Diagnosis and treatment of chondromalacia patellae

  Chondromalacia patella is a bone and joint disease formed by frequent violent impact and friction between the cartilage surface of the patella and the patellofemoral joint surface, the main symptoms are pain in front of the knee joint, obvious when going up and down stairs, playing soft legs, and joint popping.
  Causes of chondromalacia patellae.
  1, mechanical joint injury: occupations with heavy knee loads, such as drivers, teachers, white-collar workers, etc., their joints remain in a rigid position for a long time or are subject to strong impact for a long time causing bone and joint injury;
  2, joint overuse: long-term repeated use of certain joints can cause an increase in the prevalence of these joints.
  3, obesity: excess weight increases the burden on the joints, but also due to posture, gait changes on the biomechanics of the joints have an impact.
  4, women before and after menopause, may be related to the reduction of estrogen.
  Diagnosis.
  1. Symptoms.
  (1) There is a post-patellar friction sound when the knee joint moves, and the position is not fixed;
  (2) Diffuse pain behind the patella, with weakness of the leg when walking and significant discomfort when going up and down stairs;
  (3) Soreness and weakness of the knee joint in a semi-squatting position, with pressure pain in the patella.
  2. Physical signs.
  (1) patellar compression and grinding test During examination, the patella and its relative intercondylar joint surface of the femur squeeze and grind each other or slide up and down, there is a rough grinding sensation, grinding sound and painful discomfort; or the examiner pushes the patella to one side with one hand and presses the thumb of the other hand behind the edge of the patella can cause pain.

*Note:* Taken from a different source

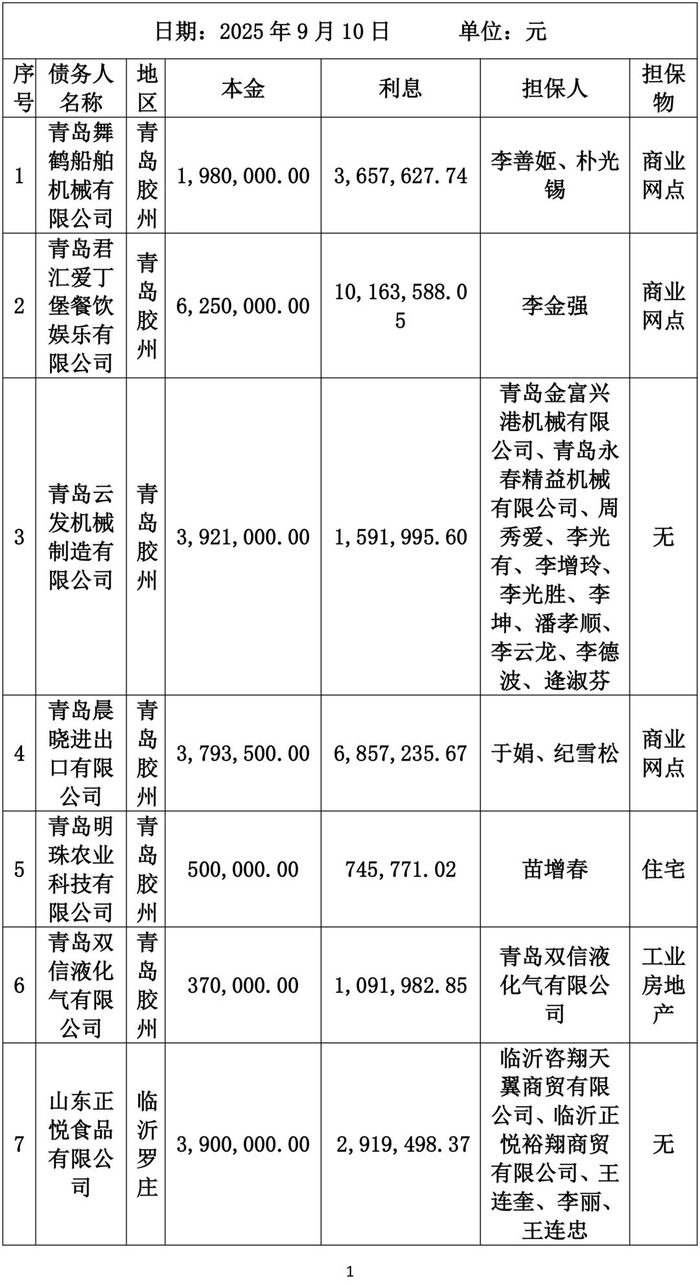 4.如清单中债务人、债权金额、担保人及担保物等信息与事实不符的,以相关合同、生效法律文书等为准。

  (2) Single-leg squat test The patient holds the weight on one leg and gradually squats to 90° to 135° with pain, tenderness, and cannot stand up on one leg after squatting.
  3.X-ray examination.
  The frontal and lateral x-ray of the knee joint and the tangential x-ray of the patella are not abnormal in the early stage, but in the late stage, the gap between the patella and the femoral condyle becomes narrower due to the wear of most of the cartilage, and there may be osteophytes at the edge of the patella and the femoral condyle.
  Treatment.
  1. Avoid weight bearing, reduce activity and weight loss.
  2. Take oral anti-inflammatory and pain-relieving drugs, such as Fenbid, Bezhuqing and Fotarine.
  3, intra-articular injection of sodium vitreous acid and other lubricants to reduce the friction of the joint surface, which is conducive to the recovery of the joint surface. If there is fluid accumulation, fluid extraction should be performed first.
  4.Physiotherapy: ultra-laser irradiation, microwave irradiation and ultra-short wave treatment can all play a role in deep joint heating, anti-inflammatory and pain relief, which is conducive to the recovery of joint function.
  5.Therbal external washing and hot compress of medicinal residue.